- Exercise requirements: Each line from the one containing "[한국뉴스타임=편집국] 포천시는 지난" through the last line of the records is to be repeated exactly, with all pictures left out.

[Records from a data collection]
·····

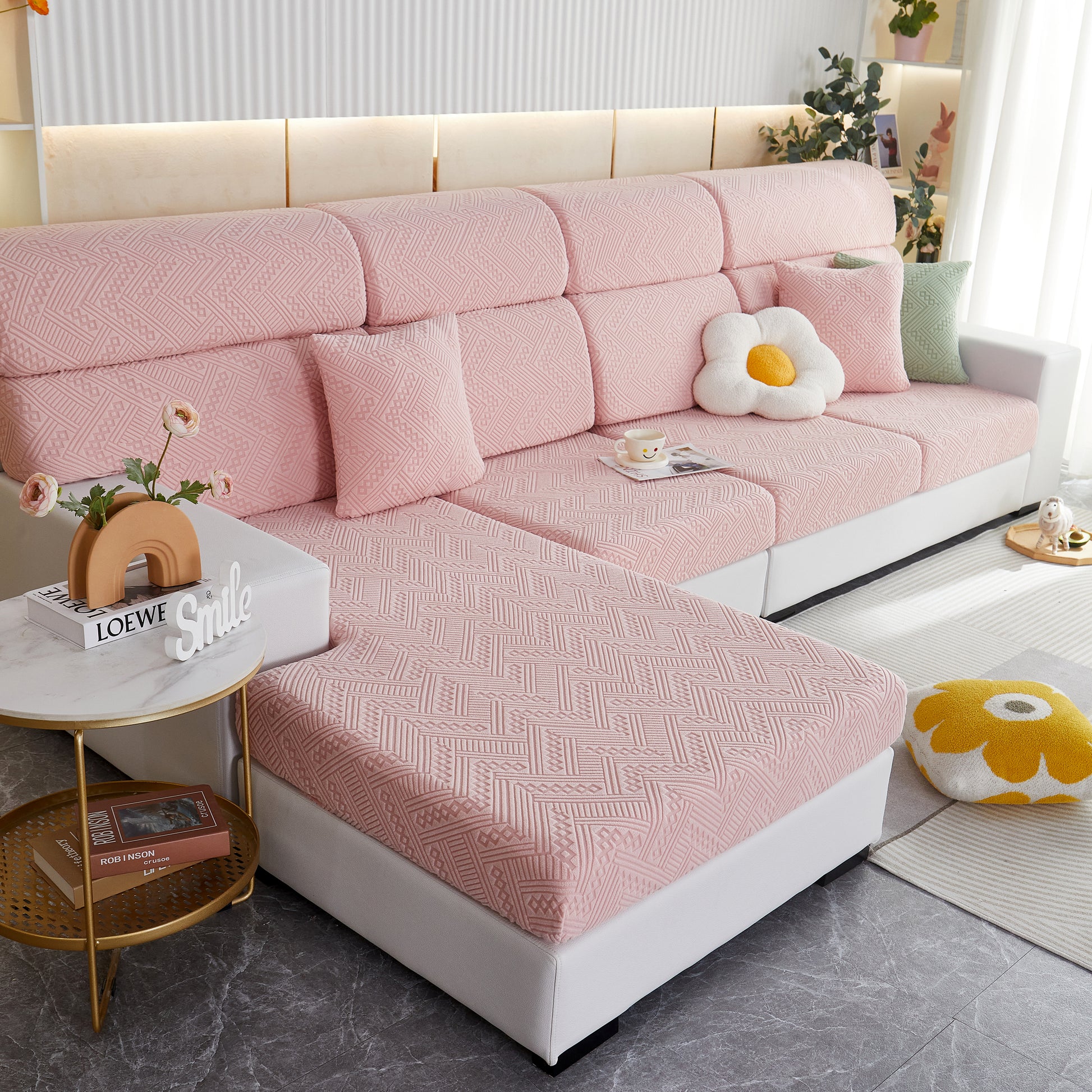 Note: The sofa cover is made of stretchable fabric, allowing it to fit within a specified range of sofa cushion sizes. Please measure your furniture for accurate sizing before purchasing.
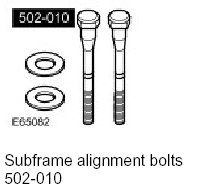 5. CAUTION: To align the sub-frame, install the special bolts in place of the front fixings. Tighten the rear fixings to set the position, remove the special bolts.
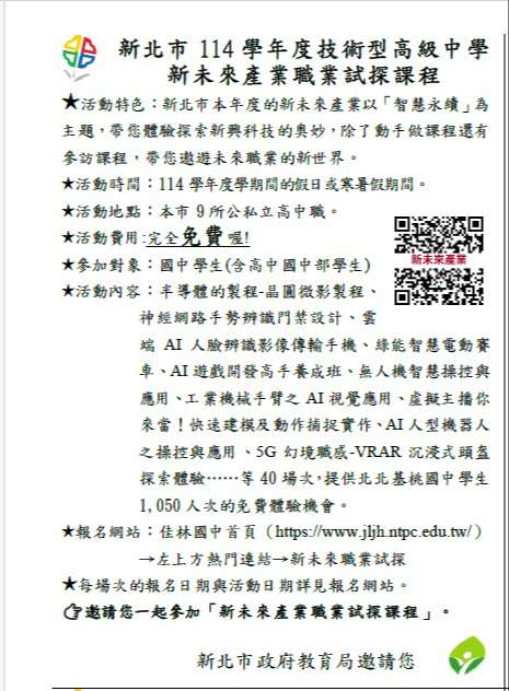 四、各場次辦理日期均為114學年度學期間之假日或寒暑假期間,活動全程免費,有意願參加的國中學生(含完全中學國中部學生),請依各場次報名日期逕上本課程網頁報名,報名網站:佳林國中校網首頁(https://www.jljh.ntpc.edu.tw/)→左上方熱門連結→新未來職業試探。
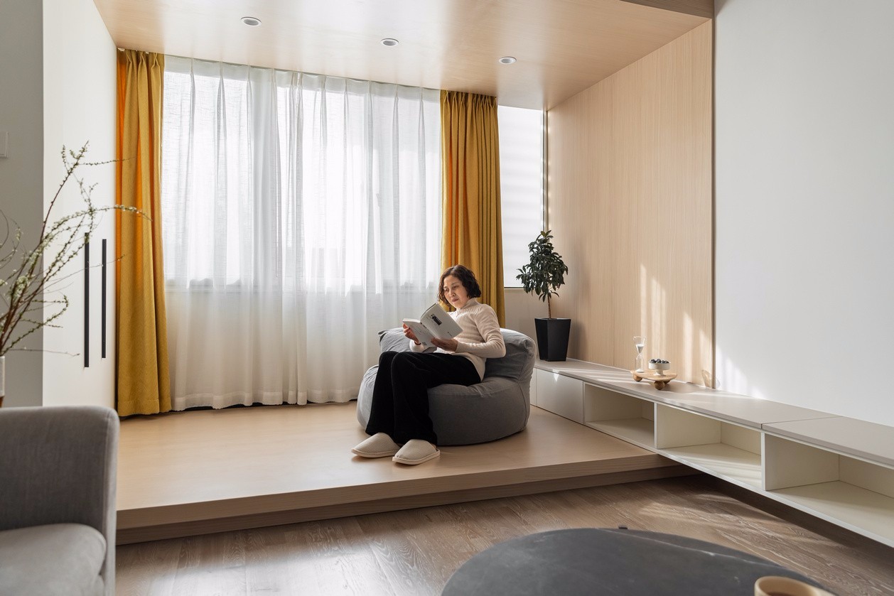 入户即见餐厅,整体空间由白色、原木、灰调构成,营造利落的视觉感。
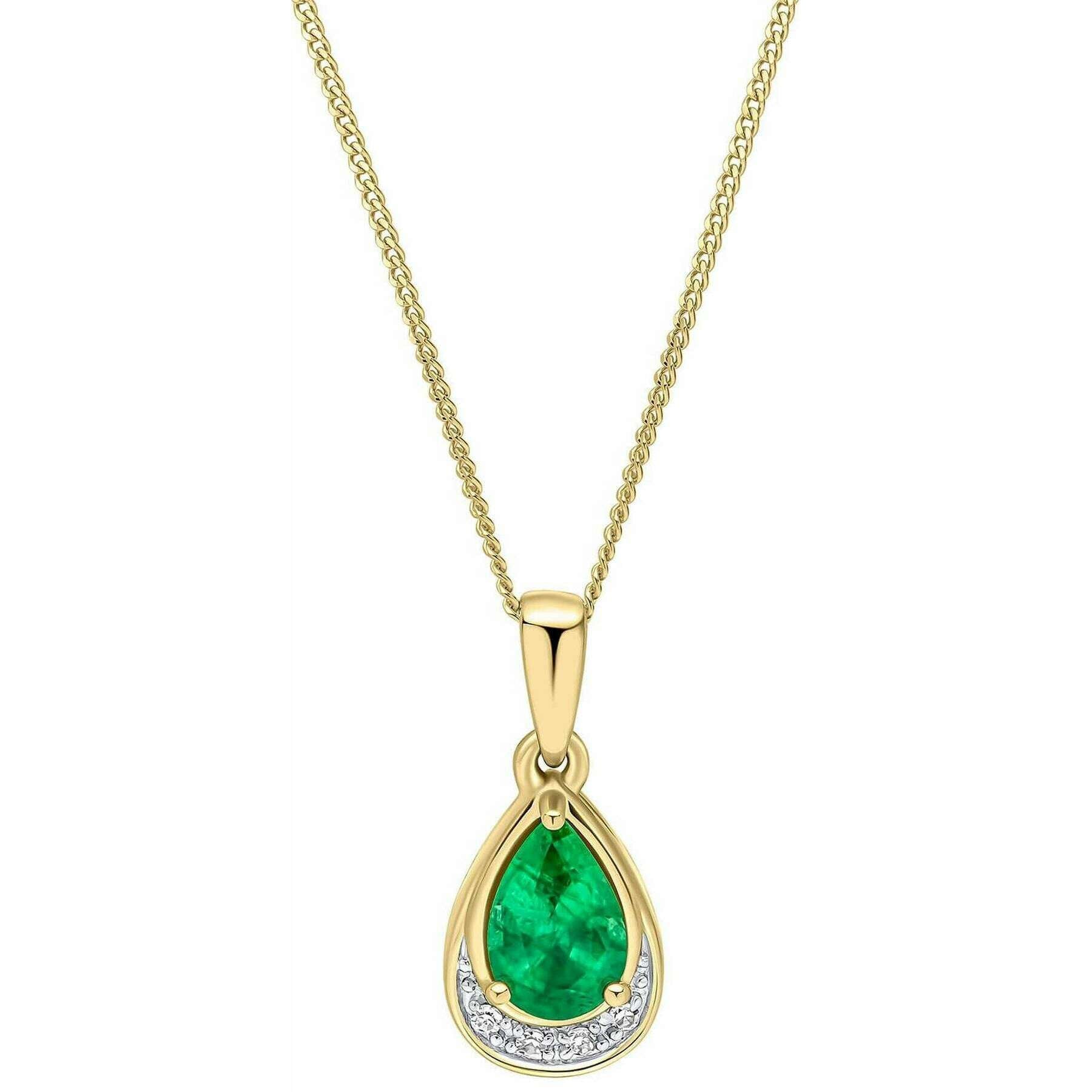 Elements Gold Teardrop Emerald and Diamond 9ct Gold Pendant - Green
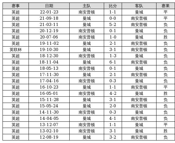 南安普顿 VS 曼城两队近10年的交战次数为21场,南安普顿3胜4平14负,赢球概率为14.3%,平局概率为19%,输球概率为66.7%。
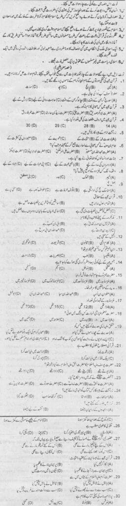 Islamic Studies Past Papers (PPSC, PMS, FPSC)
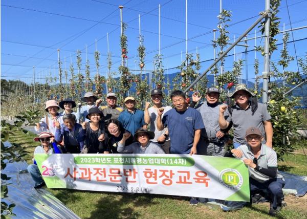[한국뉴스타임=편집국] 포천시는 지난 9월 8일 포천시 환경농업대학 사과전문반 학생들을 대상으로 화천군 선도농가에서 현장교육을 실시했다.
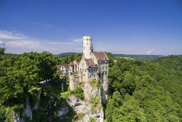كما يبرز قصر ليشتنشتاين كأسطورة أخرى من عالم القصور الأسطورية في القرن التاسع عشر. هذا القصر الجاثم فوق صخرة على ارتفاع 817 متراً، يمنح زواره مناظر خلابة تحبس الأنفاس، بحيث تكاد ترى (رابونتسل "وهي قصة أسطورية ألمانية للأخوين غريم بطلتها فتاة ذات شعر طويل جداً") تدلي شعرها من نافذة في الأعلى.
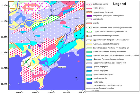 - Bureau of Geology and Mineral Resources of Guangdong Province (Guangdong, B.G.M.R.). Regional Geology of Guangdong Province; Geology Publishing House: Beijing, China, 1988; pp. 1–602. (In Chinese)
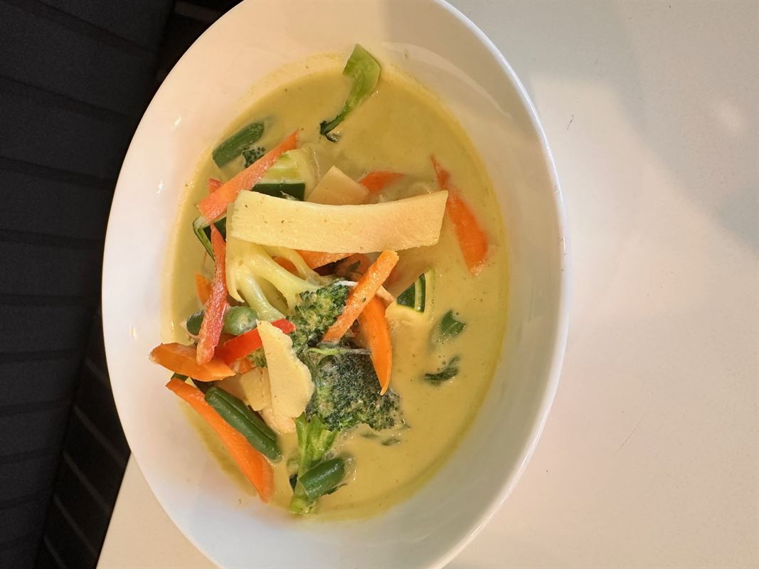 Vermicelli rice noodles in creamy Laksa curry soup with coconut milk.

·····

- Answer space:
[한국뉴스타임=편집국] 포천시는 지난 9월 8일 포천시 환경농업대학 사과전문반 학생들을 대상으로 화천군 선도농가에서 현장교육을 실시했다.
كما يبرز قصر ليشتنشتاين كأسطورة أخرى من عالم القصور الأسطورية في القرن التاسع عشر. هذا القصر الجاثم فوق صخرة على ارتفاع 817 متراً، يمنح زواره مناظر خلابة تحبس الأنفاس، بحيث تكاد ترى (رابونتسل "وهي قصة أسطورية ألمانية للأخوين غريم بطلتها فتاة ذات شعر طويل جداً") تدلي شعرها من نافذة في الأعلى.
 - Bureau of Geology and Mineral Resources of Guangdong Province (Guangdong, B.G.M.R.). Regional Geology of Guangdong Province; Geology Publishing House: Beijing, China, 1988; pp. 1–602. (In Chinese)
 Vermicelli rice noodles in creamy Laksa curry soup with coconut milk.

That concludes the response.